◆ INFORMATION SUPPLIED ◆
****************

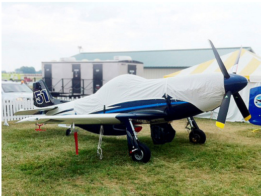
Thunder Mustang Canopy & Engine Cover
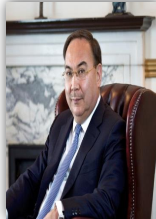
HIS EXCELLENCY ERZHAN KAZYKHANOV

Vice Chairman – House Committee on Energy and Commerce

****************

◆ HOW TO COMPLETE THIS TASK ◆
Write out the data above exactly as it appears, but without any image.

◆ EXERCISE RESULT ◆
Thunder Mustang Canopy & Engine Cover
HIS EXCELLENCY ERZHAN KAZYKHANOV

Vice Chairman – House Committee on Energy and Commerce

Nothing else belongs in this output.